Her disappearance became a sensation in the press. Stories began to circulate about her, some of them scandalous, almost none of them true. One story was true however: Mary had disappeared before, about three years earlier, under mysterious circumstances. Search parties went out looking for her. Then three days later she simply reappeared. Just off visiting a friend, she said. Terribly sorry for all the fuss. People wondered if it was a publicity stunt by the tobacco store.

It was no stunt this time. Three days after disappearing Mary's body was found in the Hudson River near Hoboken, New Jersey. Her murder has never been solved.

I learned about Mary from my mother, who related to me a family legend (which we have yet to be able to verify) that Edgar Allen Poe once wrote a story about one of our ancestors, a lady up in New York who was murdered. The story was called "The Mystery of Marie Rogêt." Poe had relocated Mary's story to Paris, and made it a sequel to the Rue Morgue.

In researching this story, I was struck by the scatalogical interest in her story by the press, the same interest which is shown by today's media in stories involving scandalous young women meeting tragic fates. Think Lindsay Lohan, Paris Hilton, not to mention girls with more reputable pasts and even more tragic fates, like Natalee Holloway and Brittany Murphy, even JonBenet Ramsey. Mary lived during a time of rapid expansion by the press, and fierce competition for readers. Her story, in a way, was one of the first examples of the formula the media uses even today to sensationalize tragedy.

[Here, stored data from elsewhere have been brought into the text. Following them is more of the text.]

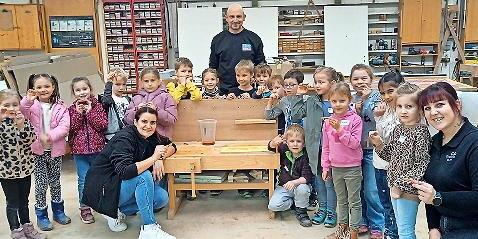 Schon im Vorfeld hatten sich die Kinder im Kindergarten mit dem Beruf des Schreiners beschäftigt. Sie wussten bereits, dass Schreiner mit Holz arbeiten, Möbel herstellen und viele verschiedene Werkzeuge und Maschinen benutzen. Umso spannender war es für die Kinder, nun eine echte Werkstatt zu erleben. Zu Beginn führte Benjamin Back die Kinder bei einem kleinen Rundgang durch seine Schreinerei. Dabei zeigte er ihnen verschiedene Arbeitsbereiche und erklärte kindgerecht einige der Maschinen und Werkzeuge, die ein Schreiner täglich benutzt. Die Kinder hörten aufmerksam zu und stellten viele neugierige Fragen.
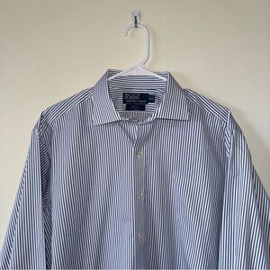 Polo Ralph Lauren Regent Dress Shirt Mens 16.5 32/33 Blue Striped Button Down
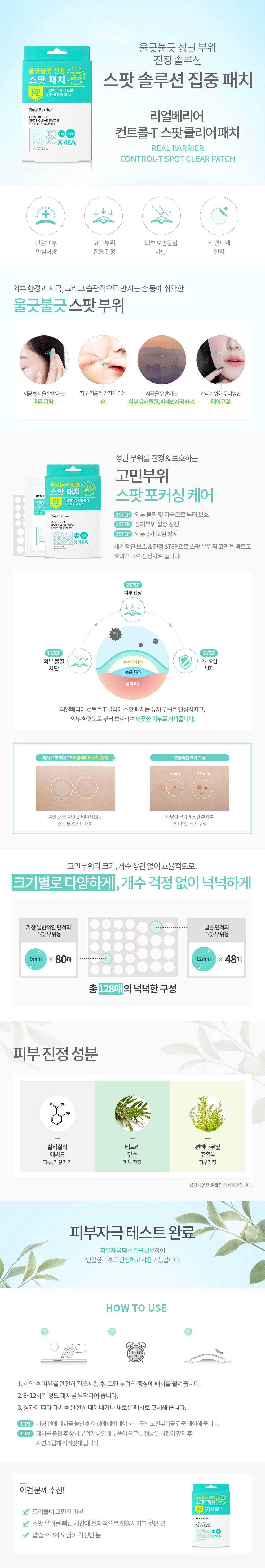 Miếng Dán Mụn Real Barrier Control-T Spot Clear Patch (4eax128 miếng) là miếng dán những nốt mụn, đồng thời làm dịu da sau khi breakout. Thành phần tràm trà vô cùng hiệu quả trong việc làm dịu hồi phục da sau khi breakout mang lại làn da nhẵn và sáng khỏe. Các miếng dán trong suốt bám chặt vào da để che phủ các khu vực lân cận.
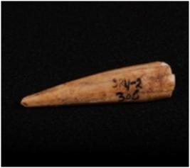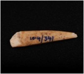 | Description / विवरण | Point of bone with an intact tip, other side is completely broken, brownish smooth surface. |
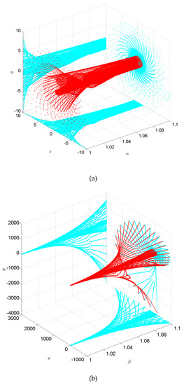For the values of the Coriolis and centrifugal forces, which are restricted in the interval . The bifurcation diagram in Figure 5a shows that the modification in the Coriolis force has a similar effect on the third particle in the and directions, both of which tend to a certain range gradually with the increase of from large-scale motion. From Figure 5b, we find that the movement of the third particle in the and directions appears divergent as the modification in the centrifugal force increases; that is, the movement amplitude in both directions increases. However, the third particle shows periodic motion in the direction with the increase of and .
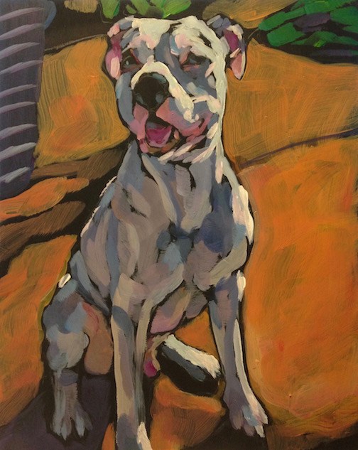 I think this has already been given to the recipients, and so I am hopefully safe in posting it today- I loved the color on this sweet dog's sleek white coat! And that grin! It was one of those commissions where my lovely patron sent me several photos, and then sent this one explaining that it is the couple's favorite of their pet. When I see the photo that I know will work, I can feel it- if I'm scanning through a number of photos, there will always be at least one that I pause at and have one of those "wow! That's PERFECT" reactions, and I know I can paint it!
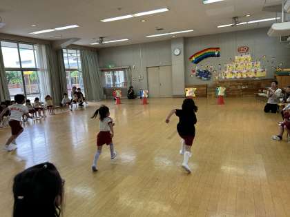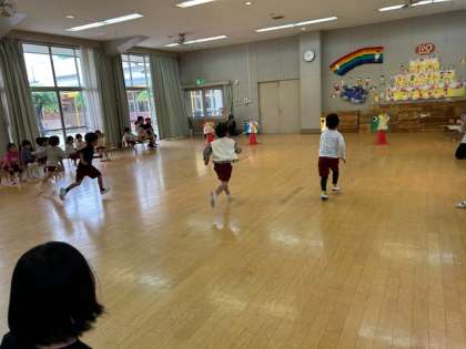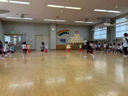 雨で室内になってしまいましたが、みんな元気いっぱい、好きな色のこいのぼりに向かって走りました。
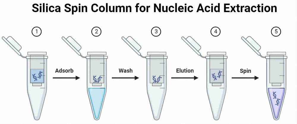 Silica spin columns with unique adsorption capacity and buffer system specifically bind nucleic acids in the presence of high concentrations of chaotropic salts and wash away impurities. After centrifugation, DNA and RNA are eluted from the silica membrane in water or low salt buffer. The result is highly pure DNA and RNA for biological applications such as PCR, real-time PCR, sequencing, Southern blotting, cloning and genotyping.
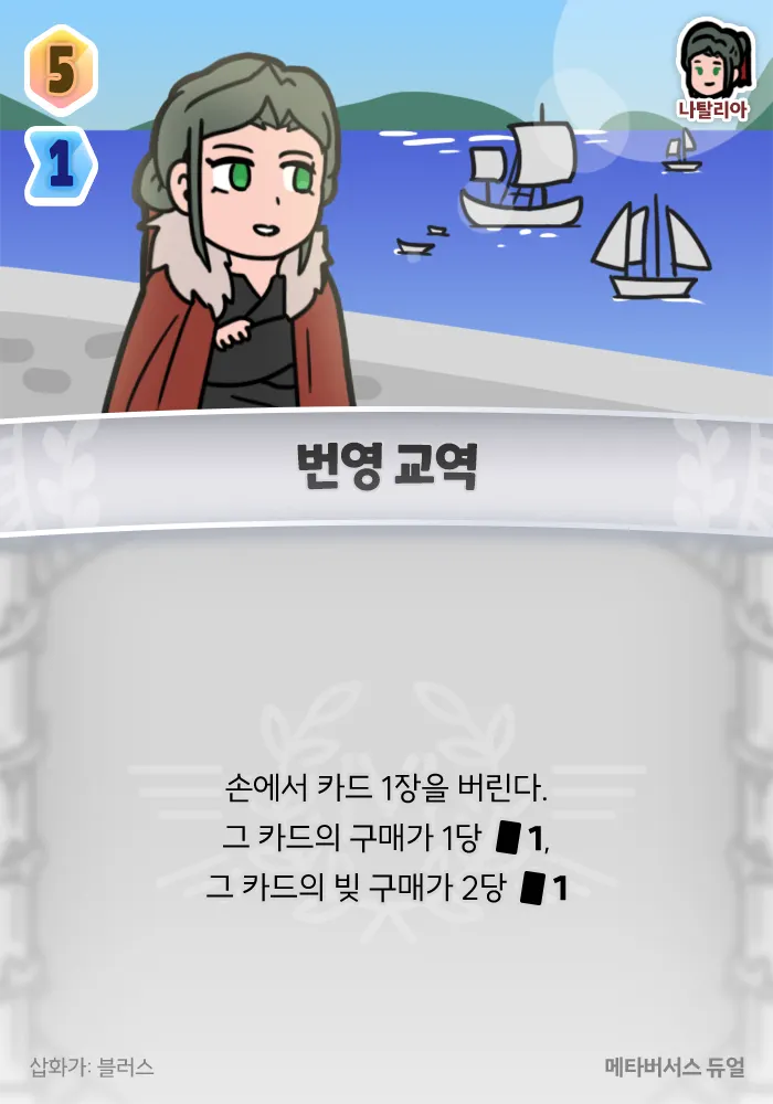 손에서 카드 1장을 버린다. 그 카드의 구매가 1당 +1 카드, 그 카드의 빚 구매가 2당 +1 카드.
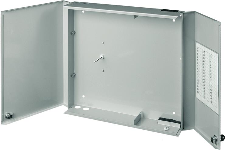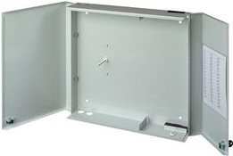 Der LWL-Mini-Wandverteiler hat ein getrennt abschließbares Gehäuse mit 2 Schwenktüren, mit je 2 Kabeleinführungsöffnungen oben und unten für PG16, Aufnahme für maximal 6 Spleiß- oder Kombikassetten, Zugentlastungsklemmen und Führungen zur Faser- und Kabelablage.
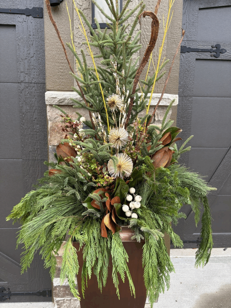 Creating winter planters can seem like a daunting task to those of us who are not design gifted by nature. Luckily, there are some basic principles that can help the most non-creative of us put together a spectacular outdoor display that ushers in the holidays and with just a few minor adjustments now and then can bring cheer to the long winter months.
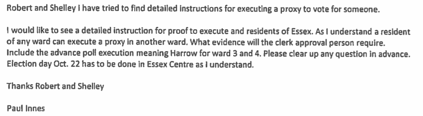 Requesting More Details on How to Execute a Proxy from Candidate Innes: Sept 10th Before the Election. Note the Staff Explanation on the Bottom.
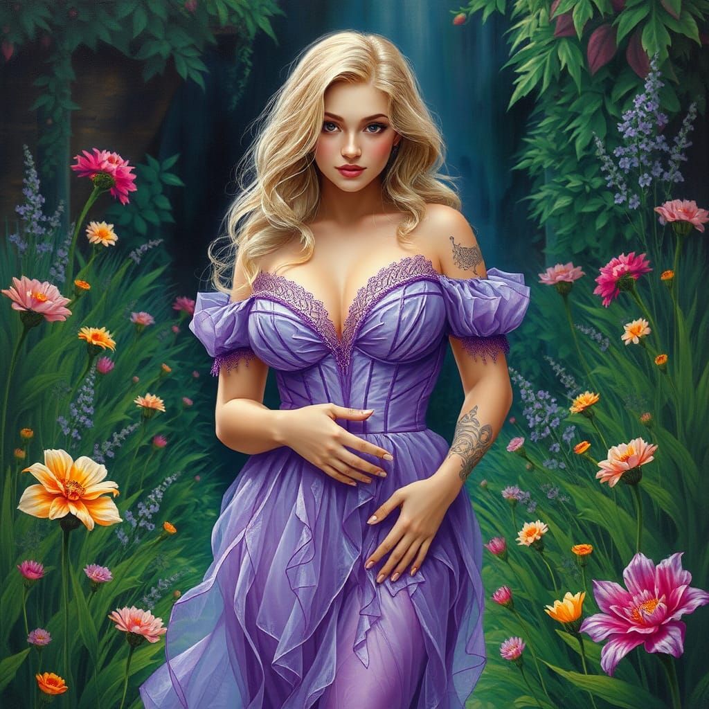 A digital painting of a beautiful, curvy blonde woman in an elaborate purple dress. She stands in a lush palace garden filled with vibrant green grass, whimsical plants, and sumptuous flowers.

Mary also lived during the time of suffrage movement, during which the rights of women also expanded. At the time her tragic story was also seen by some as an example of the dangers women faced in a more independent world.

My short story, "Mary Rogers" keeps all of that implicit. It is basically the story of a man searching for his lost love, and how he comes to truly know her by the story's end.

"Mary Rogers" is part of the collection, Strange Times.